Abs - you're really spoiling us! I was thinking we'd be eating fish & chips out of paper whilst dangling our legs over the side of the river.


----------



## redjedi (28 Jan 2011)

She's got us reservations. Should we be bringing our ties and jackets with us?


----------



## HaloJ (28 Jan 2011)

Flying Dodo said:


> Abs - you're really spoiling us! I was thinking we'd be eating fish & chips out of paper whilst dangling our legs over the side of the river.





redjedi said:


> She's got us reservations. Should we be bringing our ties and jackets with us?



Maybe in the summer but cripes not in this weather!  Jackets not required. We do have a room to ourselves though.


----------



## Tynan (28 Jan 2011)

this the sort of ride I'm always looking for, I'm socked in this weekend with all sorts of nonsense, bah, you go rather close to my front door too

have fun and I hope it's not too cold


----------



## ianrauk (29 Jan 2011)

Shame you can't join us Tynan..


----------



## redjedi (29 Jan 2011)

Good news is I'm not working tomorrow. 

Bad news is I've got home home to find out the boilers packed in and we've got no hot water or heating. Now I'm waiting to find out from my landlord when it will be fixed.
It won't affect my decision to go riding tomorrow, just puts a bit of a downer on the day.
Although it could be interesting if its not fixed by the time I get home tomorrow. After 120 miles I will be in need of a shower!


----------



## Origamist (29 Jan 2011)

Apologies - last minute bail from me. Gutted.


----------



## Aperitif (29 Jan 2011)

Combi boiler Luke? Pressure at 1 1/2 bar etc...may need topping up. (The boiler, not you)


----------



## redjedi (29 Jan 2011)

Aperitif said:


> Combi boiler Luke? Pressure at 1 1/2 bar etc...may need topping up. (The boiler, not you)



Not pressure, there's a leak inside it which is shorting the electrics., and as it's only 6 months old we have to get a Vaillant qualified engineer to fix it, which will be tuesday






Fan heaters purchased for our rooms and kettles on the go for hot water.

Sorry you can't make it Lee and Matt.


----------



## HaloJ (29 Jan 2011)

Dont worry. I'm currently in a situation myself. Bike disassembled for last minute repairs and the local power has failed indefinitely.


----------



## gbs (29 Jan 2011)

No show decision justifed. I did 127k, 22.0kph average with 1040m vertical today out in Surrey and I feel it. Although these are not impressive stats I am pleased since this was my first signigcant run since a major "off" in early October.

Good luck tomorrow and perhaps next time...


----------



## HaloJ (29 Jan 2011)

Yay! Power!

Bike running lovely and pretty clean.  Final head count looks like this......

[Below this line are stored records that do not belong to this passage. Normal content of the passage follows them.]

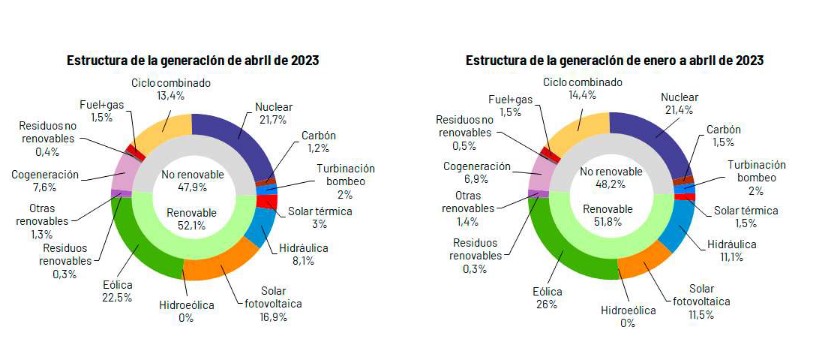 Las renovables generaron en abril el 52,1% de la electricidad en España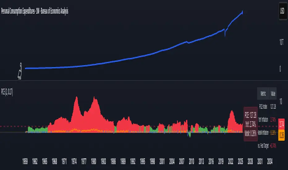 - Year-over-Year (YoY): Histogram bars showing annual PCE inflation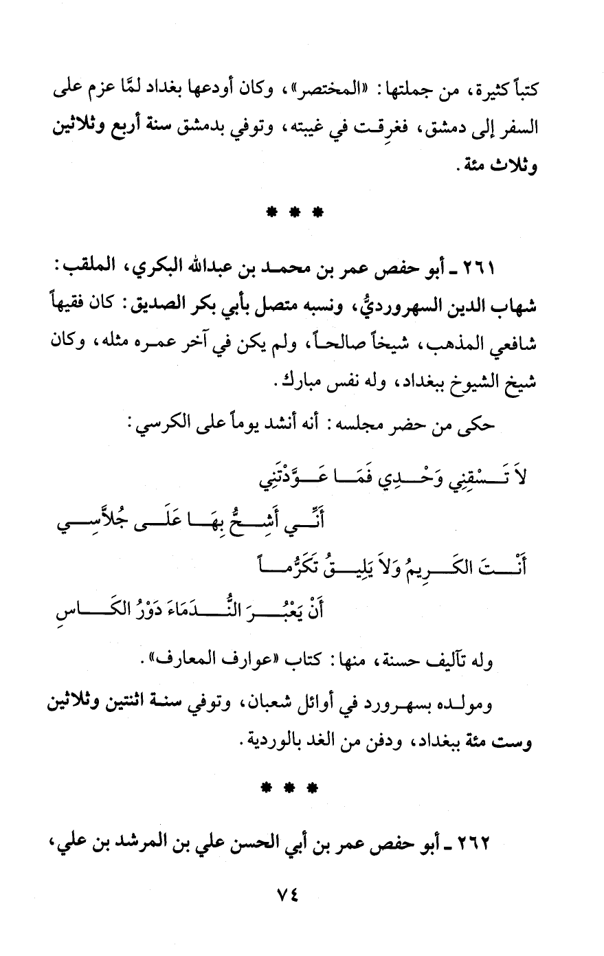 261 - أبو حفص عمر بن محمد بن عبد الله البكري، الملقب: شهاب الدين السهرورديُّ، ونسبه متصل بأبي بكر الصديق: كان فقيهًا شافعي المذهب، شيخًا صالحًا، ولم يكن في آخر عمره مثله، وكان شيخ الشيوخ ببغداد، وله نفس مبارك.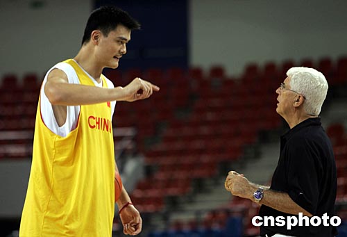 將要在開幕式上擔(dān)任中國奧運代表團旗手的姚明在訓(xùn)練結(jié)束后向媒體表示:會格外珍稀這個神圣的榮譽,將國旗舉得高高的。作者:任晨鳴  將要在開幕式上擔(dān)任中國代表團旗手的姚明在訓(xùn)練中與主教練交流。作者:任晨鳴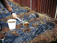 Спустя десять дней удобрение будет готово. Прежде чем наносить на почву, его надо разбавить в пропорции литр удобрения на 10л или 50л воды. Удобрение большей концентрации подходит для деревьев и кустов, а слабым составом поливают овощи.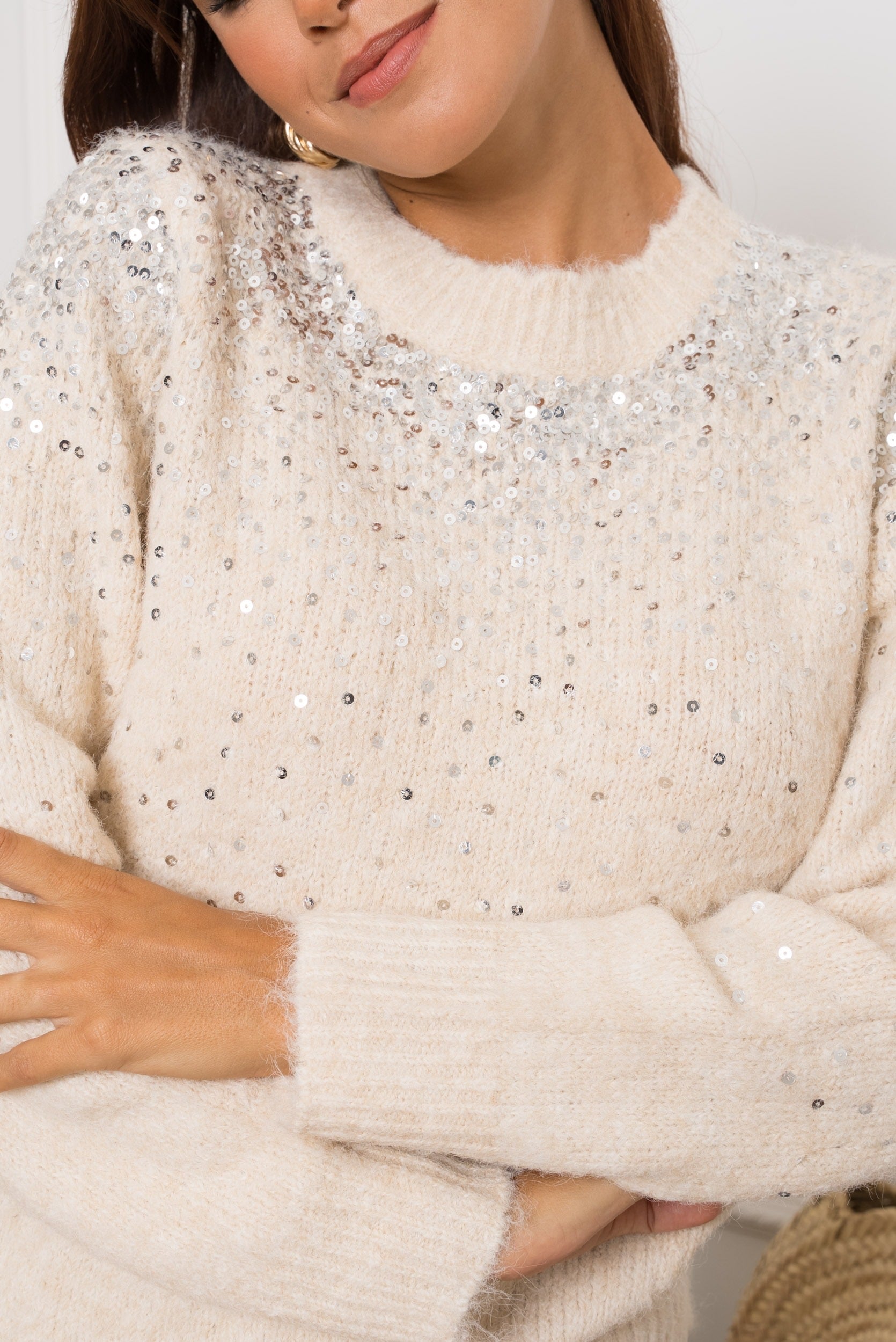 Détails de sequins scintillants sur le haut du pull

Fly - unless the duvet wins
Flying Dodo
Frank9755
HaloJ
User10571 - Joining at Aldgate
Ianrauk - Joining at Aldgate
Lukesdad - likely meeting us for lunch
Mark Grant
Martin235
Martok
mistral
rb58
Red Jedi
SteveVW +1
topcat1
zigzag

Changes

Andrij
Davywalnuts
GBS
User3143
Origamist

London to Maldon and back for lunch.
Outbound : http://bikeroutetoaster.com/Course.aspx?course=202090
Inbound : http://bikeroutetoaster.com/Course.aspx?course=202280
Meet at Wellington Arch, Hyde Park Corner from 7:30, leaving promptly at 8. Halfway outbound break at The Blackmore Tea Rooms. Lunch at The Old Ship. Weather clear and cool with light easterly wind.


----------



## Davywalnuts (29 Jan 2011)

Have a great ride everyone, right shame am missing this. 

Thanks again halo for all your hard work. 

Till next time chums!


----------



## martint235 (30 Jan 2011)

Well I'm up at a ridiculous hour on a Sunday!!! Bike ready, just need to make me ready then I'll be on my way to HPC!!


----------



## topcat1 (30 Jan 2011)

buff and armwarmers martin?


----------



## martint235 (30 Jan 2011)

I might manage a buff, it is a little bit chilly!!

Usual short sleeve top though!


----------



## HaloJ (30 Jan 2011)

Bloody hell someone turned the sun off! I'm going for snug overkill. Two pair of socks, overshoes, knee warmers, arm warmers, gilet, montane and a buff to keep my ears warm.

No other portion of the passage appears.